Publication Date: 22 Nov 2018 - By ReachX Team By ReachX Team
Actionable
Differentiated

Environmental, Social & Governance Macro Multi Asset Fixed Income/Credit EU ex-UK UK Financial Services

Europe's regulatory and market environment will remain supportive for covered bonds in 2019, but a number of potential risks are building, including the possibility of a 'no-deal' Brexit, according to Moody’s.

In a note to its clients, the rating agency said regulatory developments – particularly efforts to harmonise covered bond laws across Europe – will be mostly positive for European covered bonds and will support continued strong credit quality in 2019. 

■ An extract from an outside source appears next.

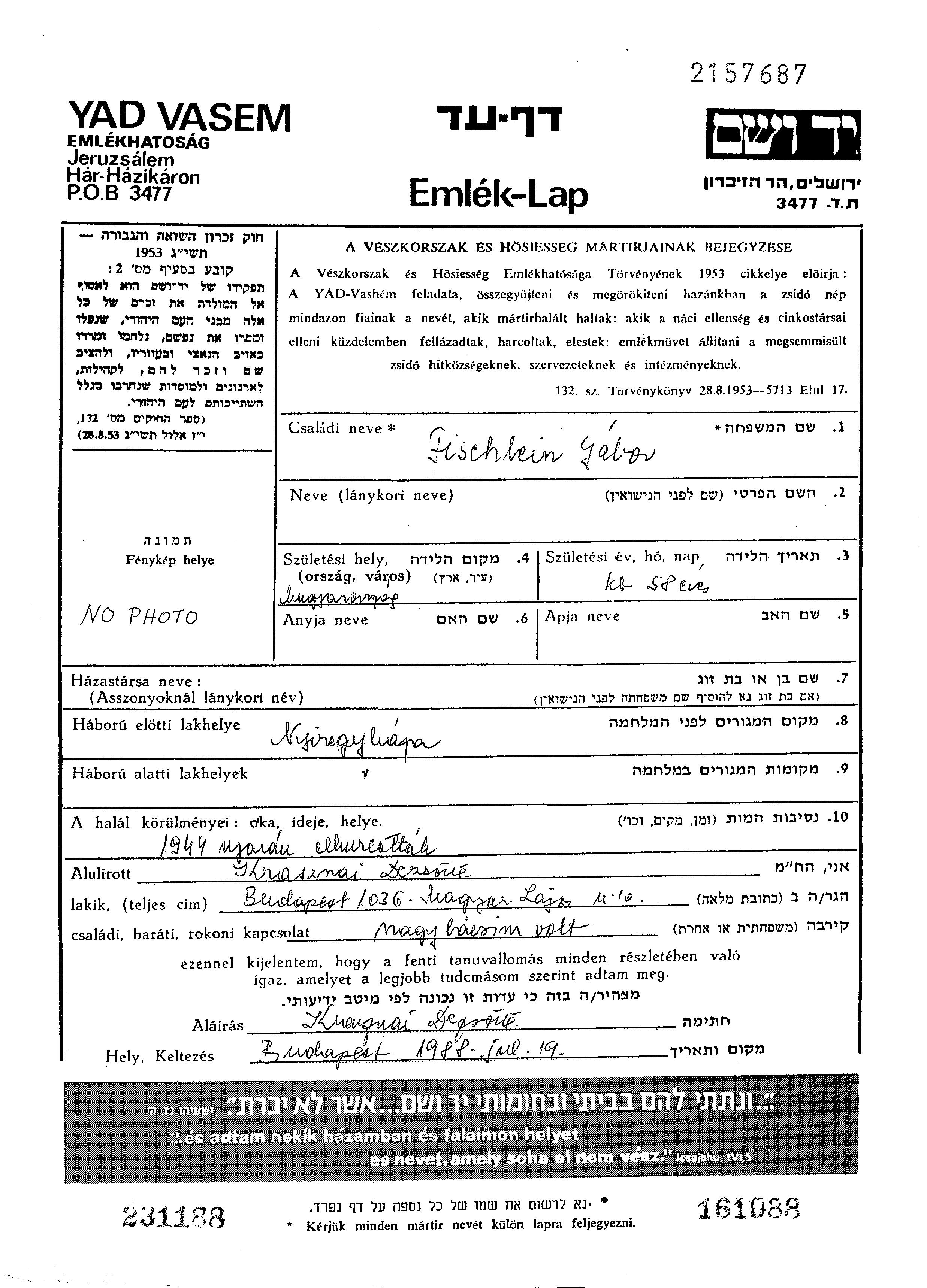 Fischbein Gabor Nyiregyhaza, Hongrie Feuille de témoignage

"But political risks, including the possibility of a no-deal Brexit, will be an important credit theme for European covered bonds in 2019 and beyond," warned John Hogan, Vice President and Senior Analyst at Moody's.

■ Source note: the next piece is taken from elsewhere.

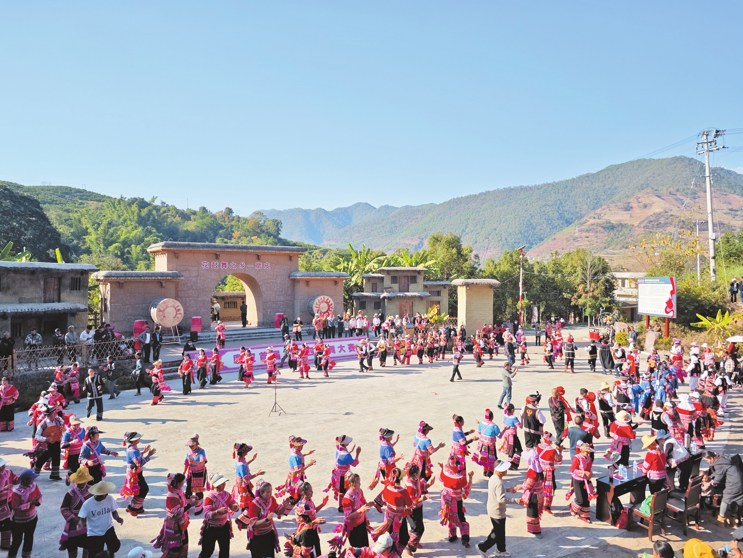 黄墙灰顶的彝族民居,质朴的花鼓舞文化广场,鼓乐喧天,欢歌热舞。每逢周末都会有不少游客来到新平彝族傣族自治县平甸乡磨皮村。“现在的磨皮村,每个周末都是节日、赶集日。”磨皮村党总支书记、村委会主任魏正荣说,这得益于村里的两个省级非物质文化遗产——磨皮花鼓舞、彝族吃花酒。

While Moody's expects the UK and EU to eventually reach an agreement to preserve most of their existing economic relationships ahead of the UK's withdrawal, the possibility of a no-deal Brexit has become more likely in recent months. 

“This would be negative for UK covered bonds because it would be negative for the UK economy and UK banking sector. A no-deal scenario would also raise legal and regulatory issues for both UK and EU covered bonds.”

Market conditions, on the other hand, will remain supportive despite rising interest rates, according to Moody's.

"We expect interest rates to increase at a modest pace in 2019 as the European Central Bank gradually unwinds the stimulus provided under its quantitative easing policy," says Greg Davies, Vice President and Senior Research Analyst at Moody's. "However, the possibility of a sharp and sudden rise in interest rates is a risk, particularly for banks in countries with high levels of debt."

Mostly stable sovereign and bank outlooks will also underpin covered bond credit quality in 2019.

The rating agency expects continued growth in green and social covered bonds, as well as covered bonds that reference alternatives to LIBOR interest rates.